THE success of a covert anti-poaching operation by the National and Transnational Serious Crimes Investigation Unit (Task Force) can’t be more telling following the arrest of the ‘Ivory Queen’, Yang Feng Glan.
Poaching has been a thorn in the flesh, not only for Tanzania, but the world as a whole as it threatens wildlife with extinction. The government has been in the forefront in fighting this social anomaly that affects wildlife rich areas of the country.
The arrest of Ms Glan is a telltale sign that the days of poachers are numbered. Efforts by the task force have started bearing fruits with the arrest of a ‘big fish’ and puts to rest all doubts about the government’s resolve in fighting poaching.
Having previously confessed to the crime of ivory trafficking, Ms Glan faces between 20 and 30 years behind bars if convicted. She was arrested together with a number of other Chinese ivory traffickers.
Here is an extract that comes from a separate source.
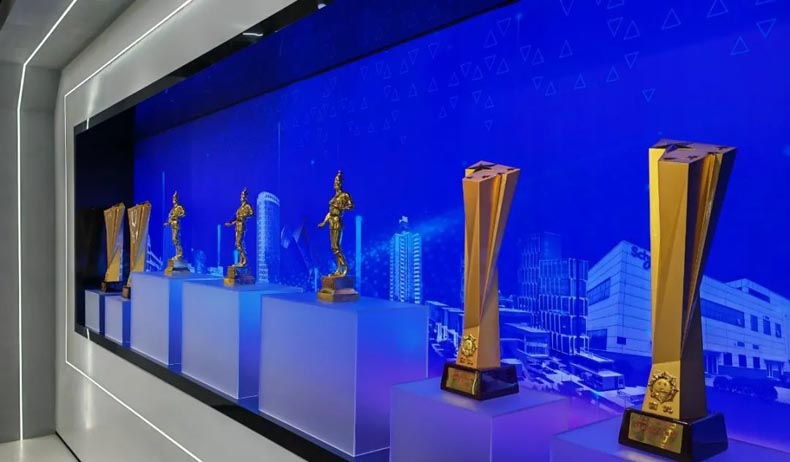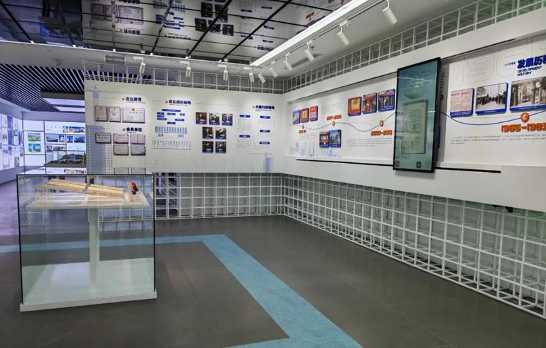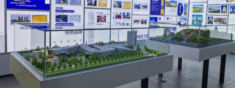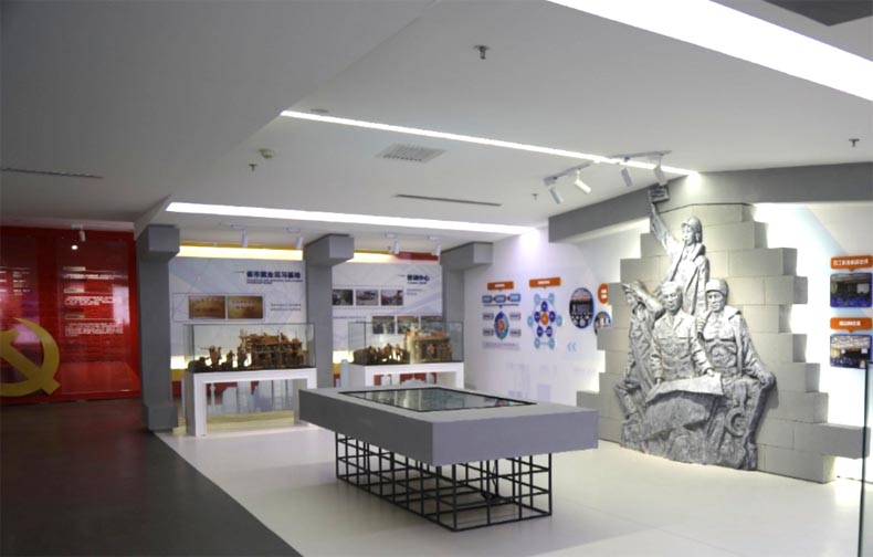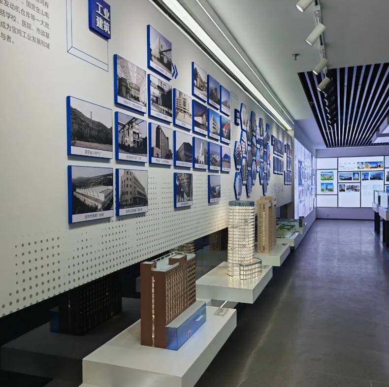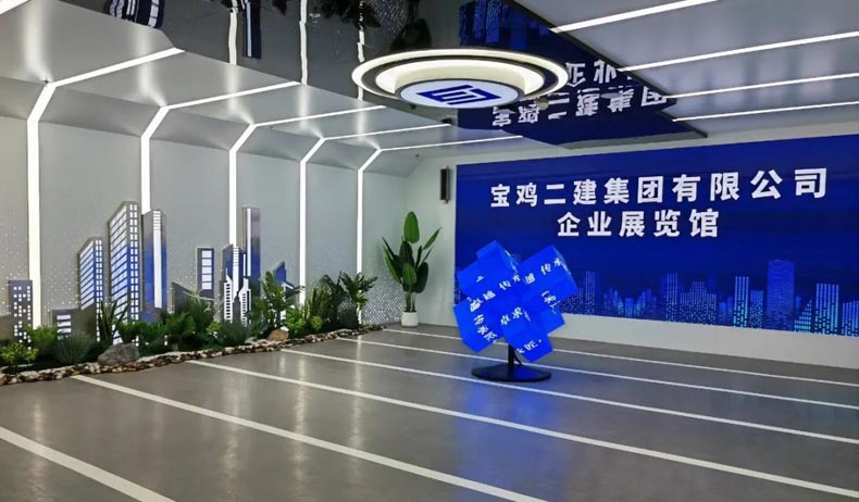 宝鸡二建企业展览馆总面积516㎡,共分为四个展示单元,分别是:第一单元平地起高楼,主要展示集团公司历史沿革;第二单元风雨筑辉煌,主要展示集团公司壮阔征程;第三单元党建强引领,主要展示党建、企业文化;第四单元公司荣誉展示;通过实物、展板、沙盘、模型、视屏、雕塑等表现手法,以图、文、影、声并茂的形式全方位呈现集团公司走过的艰辛之路、创新之路、豪迈之路。

Information released by the task force indicate that she has been trafficking ivory since 2006, working with the most high-ranking poachers in the country and in the region. Tanzania has been the ground zero of elephant poaching in East Africa for the past several years, having lost 85,000 elephants between 2009 and 2014, according to a recent elephant census in the country.
Poverty and ignorance among locals living in areas surrounding national parks and game reserves have for a long time been mentioned as some of the major causes for continued poaching of wild animals in the country.
But it is the likes of the Ivory Queen who fuel the vice by funding poaching. As such, the arrest of Ms Glan deserves to be commended because it is people like her who make it possible for locals to poach.
We praise the task force, which has carved a niche for integrity and pray that more and more traffickers will be arrested and poaching will become a thing of the past.